«Константин! пора вставать», сказала хозяйка, приподнявшись со стула. Все встали. Подставив руку коромыслом, повел Чичиков обратно хозяйку. Но уже недоставало ловкости в его оборотах, потому что мысли были заняты действительно существенными оборотами.

«Что ни рассказывай, а всё, однако же, скучно», говорил, идя позади их, Платонов.

«Гость не глупый человек», думал хозяин: <1 нрзб.>, степенен в словах и не щелкопер». И, подумавши так, стал он еще веселее, как бы сам разгорелся от своего разговора, и как бы празднуя, что нашел человека, умеющего слушать умные советы.

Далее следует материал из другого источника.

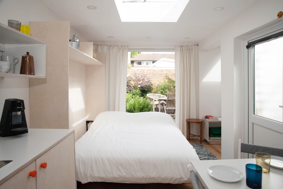 Este es un pequeño espacio perfecto (17 m2) para 1 o 2 personas para visitar y tener como base para el descubrimiento de Londres. Cuenta con todo lo necesario para tu estancia. La cama es una cómoda cama tamaño king con un colchón John Lewis con muelles, se puede plegar para crear más espacio. Despiértate con el canto de los pájaros. Estamos en una carretera privada de un solo sentido, muy tranquila, El estacionamiento está afuera frente a la casa. Tenemos un pequeño gato gris llamado Fern que deambula, esperamos que no seas alérgico a los gatos.

Когда потом поместились они все в уютной комнатке, озаренной свечками, насупротив балкона и стеклянной двери в сад, и глядели к ним оттоле звезды, блиставшие [над] вершинами заснувшего сада, Чичикову сделалось так приютно, как не бывало давно. Точно как бы после долгих странствований приняла уже его родная крыша и, по совершеньи всего, он уже получил всё желаемое и бросил скитальческий посох, сказавши: «довольно!» Такое обаятельное расположенье навел ему на душу разумный разговор гостеприимного хозяина. Есть для всякого человека такие речи, которые как бы ближе и родственней ему других речей. И часто неожиданно, в глухом забытом захолустьи, на безлюдьи безлюдном встретишь человека, которого греющая беседа заставит позабыть тебя и бездорожье дороги, и неприютность ночлегов, и беспутность современного шума, и лживость обманов, обманывающих человека. И живо врежется, раз навсегда и навеки, проведенный таким образом вечер, и всё удержит верная память: и кто соприсутствовал, и кто на каком месте сидел, и что было в руках его, стены, углы и всякую безделушку.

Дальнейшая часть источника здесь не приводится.